Our Debt Story: An Update

Paying Off Debt / Tuesday, March 27th, 2012

Last year I wrote about our debt story. In the first installment I wrote about where our debt came from. In the second, I explained where we were and what our plan was.

At that time, we had two non-mortgage debts left: a business credit card balance and a home equity loan. As of this month, the business credit card debt is gone. Finished.

Here’s a snippet from the most recent credit card statement. It was a happy day when I saw it in my inbox.

We’ve been paying $1000/month toward the card for the last eleven months, so this will be like getting a $1000/month raise.

That is an awesome feeling and I know right where the $1000/month will go: to our last debt, the home equity loan.

Making Extra Payments with Found Money

I’ve been making our regular payments toward the home equity loan, and adding in some extra payments when I can. Even when those extra payments are really small, like this one.

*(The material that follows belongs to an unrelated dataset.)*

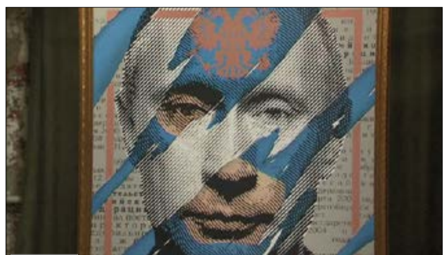
أحد الأعمال الفنية التي تصور الرئيس الروسي فلاديمير بوتين

لمشاهدة الفيديو يمكن استخدام QR كود أو الـ

This week, I was able to use found money to send an extra $369 to this loan. Here’s the breakdown of where this most recent found money came from:

  • $210 earned through several Craigslist sales. I blogged about them here.
  • $39 I earned for selling an unused $50 gift card to Plastic Jungle (referral link). Here’s my super-quick Plastic Jungle review: Went as planned, got my money promptly. They accidentally issued me two checks, but contacted me quickly and asked me to cash only one. I would use them again.
  • $20 in Target gift cards* I earned $10/each for filling 1 new and 1 transferred prescription at Target. I used coupons that came from joining the Target pharmacy rewards program, but they are also regularly found in the Target Sunday newspaper ads.
  • $100 in PerkStreet rewards that I redeemed in the form of a Target gift card*. PerkStreet (referral link) pays me cash back for debit card purchases. Since the fall of 2010 we’ve earned $657 in cash back from PerkStreet.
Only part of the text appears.